The OCR must reside on a shared disk(s) that is accessible by all of the nodes in the cluster. Oracle Clusterware 10g Release 2 allows you to multiplex the OCR and Oracle recommends that you use this feature to ensure cluster high availability. Oracle Clusterware allows for a maximum of two OCR locations; one is the primary and the second is an OCR mirror. If you define a single OCR, then you should use external mirroring to provide redundancy. You can replace a failed OCR online, and you can update the OCR through supported APIs such as Enterprise Manager, the Server Control Utility (SRVCTL), or the Database Configuration Assistant (DBCA).

OCR SUMMARY

·         this is the central repository for the Oracle cluster: there we find all the information about the cluster in real-time;
·          CRS update the OCR with the information about the node failure or reconfiguration;
·          CSS update the OCR when a node is added or deleted;
·          NetCA, DBCA, SRVCTL update the OCR with the services information;
·          this is a binary file and cannot be edited;
·          the OCR information is cached on each node;
·          only one node (the master node) can update the OCR file => The master node has the OCR cache up-to-date in real time;
·          OCR file is automatically backed up in the OCR location every 4 hours:

       cd $CRS_HOME/cdata/<cluster name>
        ls
        backup00.ocr backup01.ocr backup02.ocr day.ocr day_.ocr week.ocr

·         OCR file can be backud up manually as well running the following command:
                  dd if=voting_disk_name of=backup_file_name

·         the OCR files are backed up for a week and overwritten in a circulary manner;
·          because the OCR is a key component of the Oracle cluster, the OCR file must be mirrored;
·          the OCR file can be exported, imported with ocrconfig command;    


There are two methods for OCR Backup (Oracle Cluster Registry)

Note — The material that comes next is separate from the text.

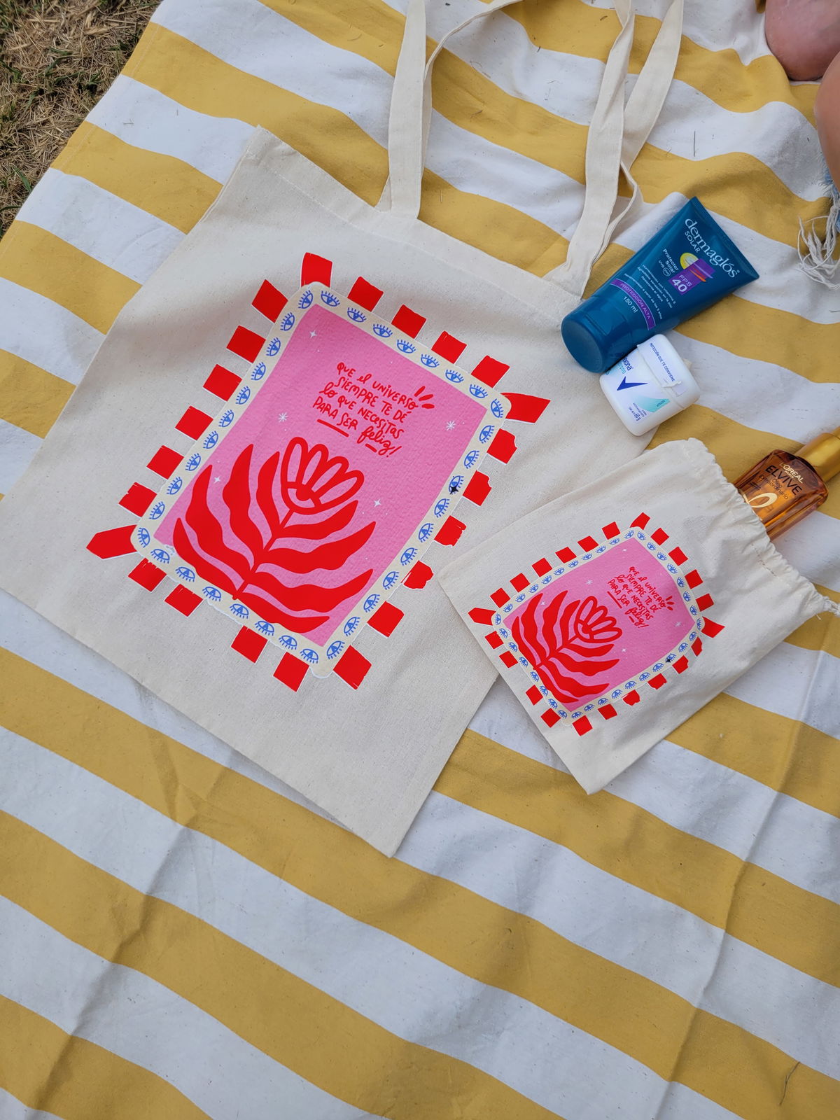 Hermosos diseños en conjunto de Tote bag y mini bag, realizados en lienzo.

1. Automatically generated OCR files under $CRS_HOME/cdata/crs
2. OCR export/logical backup


The Oracle Clusterware automatically creates OCR backups
-Every four hours: last three copies
-At the End of the Day: last two copies
-At the end of the week: last two copies
.

To backup OCR file, copy the generated file from $CRS_HOME/cdata/crs to your backup directory (/backup/oracle).

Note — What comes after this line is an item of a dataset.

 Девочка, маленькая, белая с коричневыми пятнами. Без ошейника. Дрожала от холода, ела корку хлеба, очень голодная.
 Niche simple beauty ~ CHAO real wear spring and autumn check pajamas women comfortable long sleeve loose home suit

You must run the backup as “root”.

Run the below command to take OCR export backup.
# ocrconfig -export export_file_name


The example configuration used in this article consists of a two-node RAC with a clustered database named racdb.idevelopment.info running Oracle RAC 10g Release 2 on the Linux x86 platform. The two node names are racnode1 andracnode2, each hosting a single Oracle instance named racdb1 and racdb2 respectively. For a detailed guide on building the example clustered database environment, please see:

The example Oracle Clusterware environment is configured with a single voting disk and a single OCR file on an OCFS2 clustered file system. Note that the voting disk is owned by the oracle user in the oinstall group with 0644 permissions while the OCR file is owned by root in the oinstall group with 0640 permissions:
[oracle@racnode1 ~]$ ls -l /u02/oradata/racdb
total 16608
-rw-r--r-- 1 oracle oinstall 10240000 Aug 26 22:43 CSSFile
drwxr-xr-x 2 oracle oinstall     3896 Aug 26 23:45 dbs/
-rw-r----- 1 root   oinstall  6836224 Sep  3 23:47 OCRFile

Check Current OCR File

[oracle@racnode1 ~]$ ocrcheck
Status of Oracle Cluster Registry is as follows :
         Version                  :          2
         Total space (kbytes)     :     262120
         Used space (kbytes)      :       4660
         Available space (kbytes) :     257460
         ID                       :    1331197
         Device/File Name         : /u02/oradata/racdb/OCRFile
                                    Device/File integrity check succeeded

                                    Device/File not configured

         Cluster registry integrity check succeeded
Check Current Voting Disk
[oracle@racnode1 ~]$ crsctl query css votedisk
 0.     0    /u02/oradata/racdb/CSSFile

located 1 votedisk(s).



View OCR Configuration Information
Two methods exist to verify how many OCR files are configured for the cluster as well as their location. If the cluster is up and running, use the ocrcheck utility as either the oracle or root user account:
[oracle@racnode1 ~]$ ocrcheck
Status of Oracle Cluster Registry is as follows :
         Version                  :          2
         Total space (kbytes)     :     262120
         Used space (kbytes)      :       4660
         Available space (kbytes) :     257460
         ID                       :    1331197
         Device/File Name         : /u02/oradata/racdb/OCRFile  <-- OCR (primary)
                                    Device/File integrity check succeeded

                                    Device/File not configured  <-- OCR Mirror (not configured)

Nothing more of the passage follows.